How victims of Cyber Crime are being let down by Action Fraud
The undercover investigation carried out by The Times newspaper into Action Fraud has revealed a seemingly “defeatist” culture amongst under trained, underpaid and poorly recruited staff who appear to be spending the day taking calls and listening to victims of online fraud, filing reports and doing precious little else. This is sadly not surprising given the experience that we as a firm have had when acting for some of our clients who have been victims of online fraud in the form of anything from phishing attacks and fraudulent emails through to sophisticated malware and ransomware as well as fraud perpetrated through text messaging, instant messaging apps, social media and phone calls.
We always try and support our clients to the fullest extent possible and part of that often involves referring them to contact Action Fraud, if only to get a crime reference number to help with making and insurance claim if nothing else. I have spoken at conferences around the country on cyber security (as the author of the Law Society Cyber Security Toolkit) and often shared platforms with representatives from the police and Action Fraud who have always urged victims of fraud to contact Action Fraud to make sure that the matter is correctly registered and investigated so that the police can take on the fraudsters.
It is consequently so very disappointing to hear that callers are being routed through a call centre where calls are answered not by police officers but by poorly trained staff who are tasked with taking the briefest of reports and making an instant decision as to whether the incident should be filed as a crime report or an “information” report. It seems that the staff are paid barely above the minimum wage and for many of them this is their first job having left school at 16. They’ve received the absolute minimum of training with some of them taking “supervised” calls within 2 weeks of having started.

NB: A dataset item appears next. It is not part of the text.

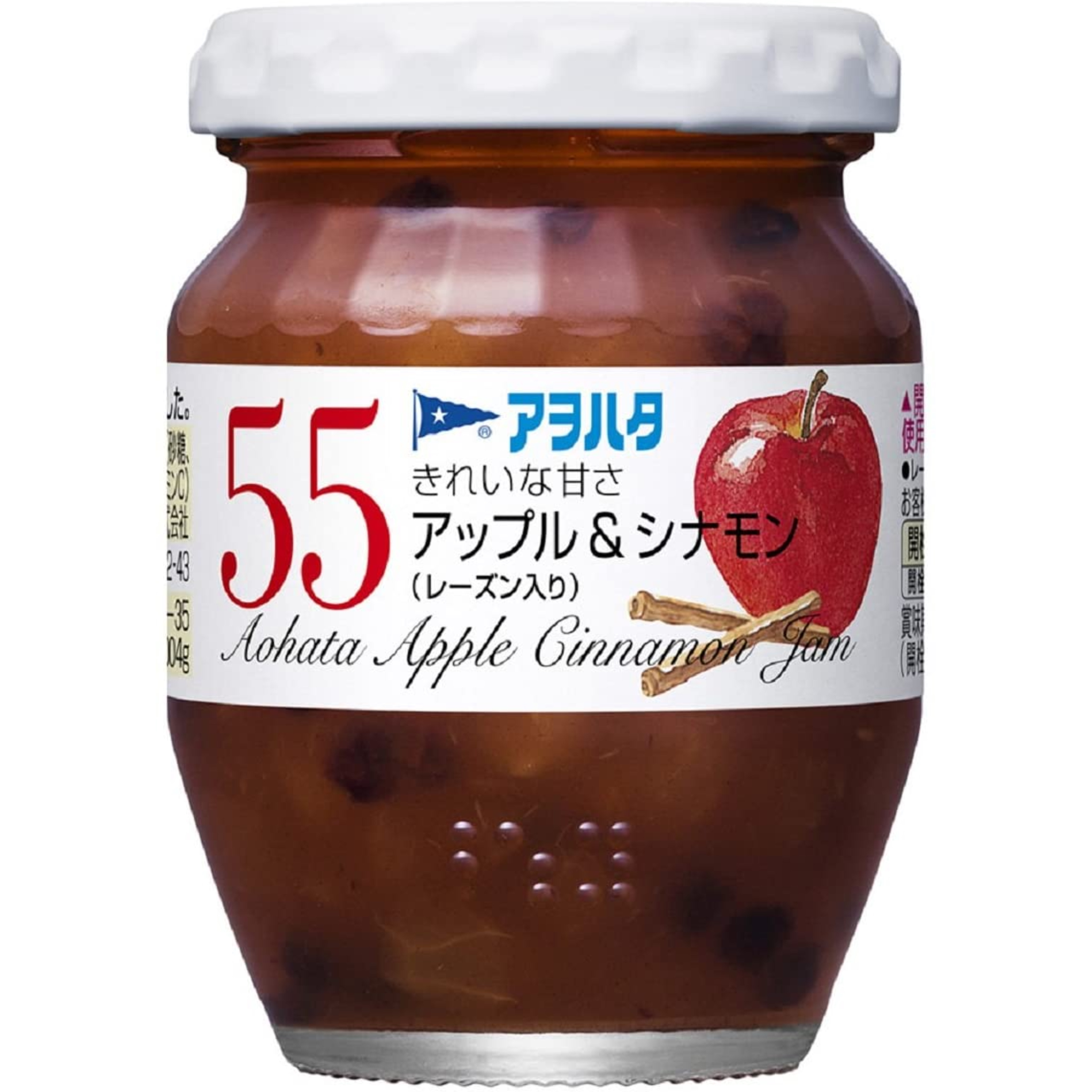 レーズン入りのアップル、シナモン味のジャムです。1970年から発売され、2016年にアヲハタ 55ジャムとしてさらに進化しました。ファインフルーティー製法の導入により、もっとフルーティーさを感じさせるジャムへと変革。シナモンがりんごとマッチしていて、クセになるおいしさです。

The mandated Home Office training appears to be minimal compared to the training that staff in call centres dealing with customers in industries such as utilities or financial services where training usually lasts up to 6 weeks or more. Standards appear to be so poor that in what should be a “closed book” examination, the answers had been pre supplied while other material was literally stuck on the wall with those taking the assessment encouraged to get up and look at the answers.
As a result staff have been shown in undercover videos shot by the Times investigative journalist as play fighting, checking personal social media and literally drifting off to sleep all while taking live calls from victims of crime, many of whom may have lost substantial sums of money such as the proceeds of a house sale or the entirety of their pension funds. In many instances callers appear to be under the impression that they are speaking to police officers when in fact they are just speaking to barely listening teenagers who are eager to leave finish their shift and leave as soon as they can. One manager admits on Twitter to having worked shifts while inebriated.
The shocking thing here is that approximately a third of all crime in the UK is now made up of fraud. Yet of all of the more than 500,000 fraud cases reported last year barely 10,000 – a few percent of those reported – will result in any arrests. When victims of crime are being directed to the apparent cul-de-sac that is Action Fraud it is not difficult to see why success rates are so tiny, and these figures should have provoked action. It should not have required a journalist to walk into the call centre with a video camera and get it onto the front pages for the Home Office to wake up and take action. As a result, fraudsters are most likely fully aware that the bare minimum in terms of police resources is being directed at investigating them and stopping them, leaving them to be ever more adventurous and ambitious in targeting more and more innocent victims for ever larger sums.
Perhaps the most frustrating aspect revealed by the Times investigation is that it has demonstrated that the Action Fraud service is being run for the lowest possible cost. Yet if a fraction of the public money spent on funding a call centre with a couple of hundred staff had been spent on better public education as to the risks of carrying out business online and some simple yet effective measures that people can take to protect themselves along with better working between the Government and some of the device manufacturers and service suppliers to make doing business online more transparent and secure it may have been possible to drastically reduce the spiraling number of online fraud cases that now appear to be swamping Action Fraud.
Since The Time investigation went public we have heard that the new Home Secretary is “concerned”, that the City of London Police who are responsible for Action Fraud are “horrified” and “saddened” but also that the activity observed by the journalist is being explained away as “isolated incidents” and that a handful of staff have been suspended. We now have to see if the totality of the response will be to simply sweep this under the carpet while blaming a few “bad apples” or whether this becomes a precursor to more effective reform. Clearly a story like this demonstrating victims of crime seemingly being “fobbed off” at the lowest possible price does not sit well alongside the Government’s investment in the National Cyber Security Centre with its stated aims of making the UK “the safest place in the world to do business online.” The NCSC spends the majority of its time supporting businesses that have been victims of cyber crime but in reality both private individuals, businesses and organisations of all shapes and sizes can be victims of online fraud and a more joined up strategy in both supporting the victims of crime as well as preventing the fraud happening in the first place is needed. Without such strategic reform the billions lost to fraudsters as the result of cyber crime will simply continue to grow and grow and become an ever increasing drag on the UK economy which should be of concern not just to the Home Secretary but also the Chancellor and Prime minister.